* Supplied data

------------------------------------

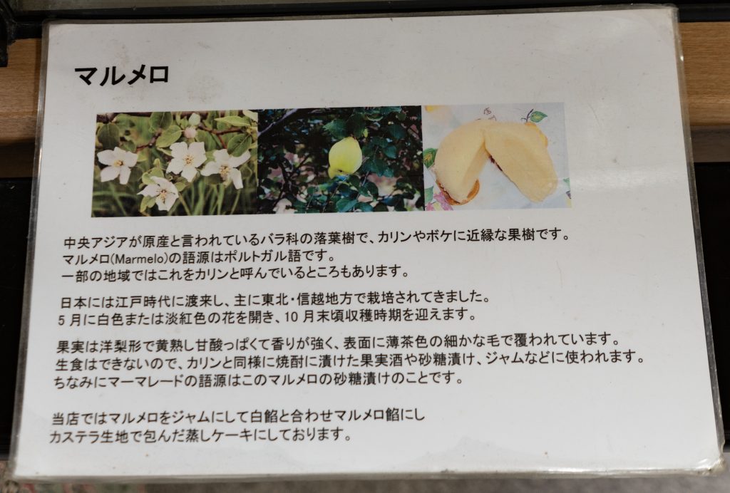 さて、ここで道の駅の名前にもある「マルメロ」の説明POPがあったので、許可もらい撮影させてもらいました。
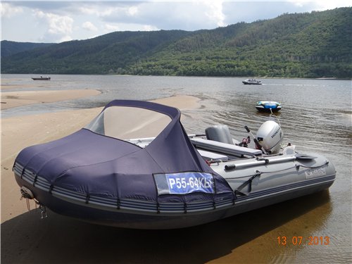 Была Флагман-420 с НДНД +Хонда 20, а сейчас Витязь-430+Тоха 30, с жёсткими полами, баллоны больше и ткань пвх толще. Жёсткая палуба, лучше, да и килеватость хорошая, по волне идёт уверенней, не кидает.
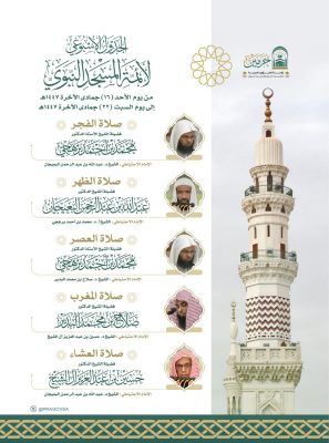 اعتمدت رئاسة الشؤون الدينية بالمسجد الحرام والمسجد النبوي الجدول الأسبوعي لأصحاب الفضيلة أئمة الحرمين الشريفين، للفترة من يوم الأحد 16 جمادى الآخرة إلى يوم السبت 22 جمادى الآخرة 1447هـ، وذلك ضمن جهودها لتنظيم الصلوات وتيسير متابعتها لعموم المصلين والزوار.
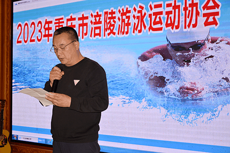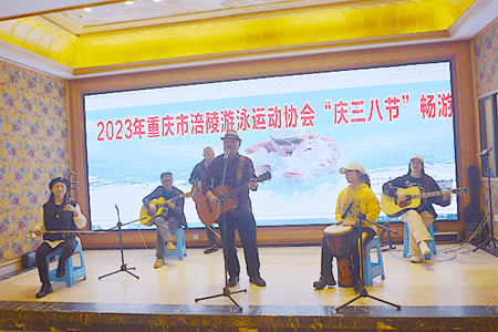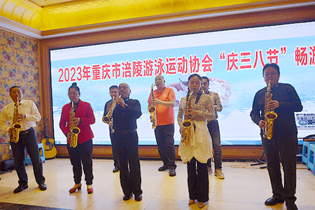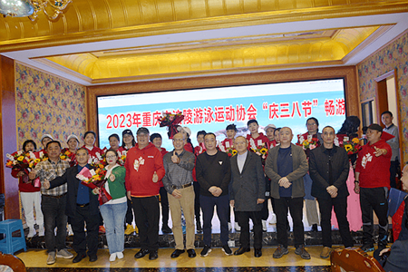 下午6点,在2023年重庆市涪陵游泳运动协会“庆三八节”畅游联欢晚会上,涪陵区游泳运动协会会长何家会在致辞中说:“协会的发展靠大家、协会的团结靠大家、协会的精气神靠大家!我们将用欢声笑语、载歌载舞共同庆贺这个特别的‘三八’节日,祝各位女神节日愉快!健康快乐!”
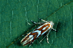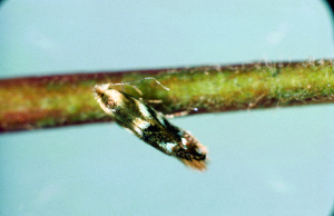 The adult is a tiny beige moth with heavily fringed wings striped with golden brown and white bands. Eggs are laid individually on the undersurface of the leaves.

------------------------------------

The lines to repeat run from the line containing "اعتمدت رئاسة الشؤون" through the last line of the material above; give them exactly, without the pictures.

 اعتمدت رئاسة الشؤون الدينية بالمسجد الحرام والمسجد النبوي الجدول الأسبوعي لأصحاب الفضيلة أئمة الحرمين الشريفين، للفترة من يوم الأحد 16 جمادى الآخرة إلى يوم السبت 22 جمادى الآخرة 1447هـ، وذلك ضمن جهودها لتنظيم الصلوات وتيسير متابعتها لعموم المصلين والزوار.
 下午6点,在2023年重庆市涪陵游泳运动协会“庆三八节”畅游联欢晚会上,涪陵区游泳运动协会会长何家会在致辞中说:“协会的发展靠大家、协会的团结靠大家、协会的精气神靠大家!我们将用欢声笑语、载歌载舞共同庆贺这个特别的‘三八’节日,祝各位女神节日愉快!健康快乐!”
 The adult is a tiny beige moth with heavily fringed wings striped with golden brown and white bands. Eggs are laid individually on the undersurface of the leaves.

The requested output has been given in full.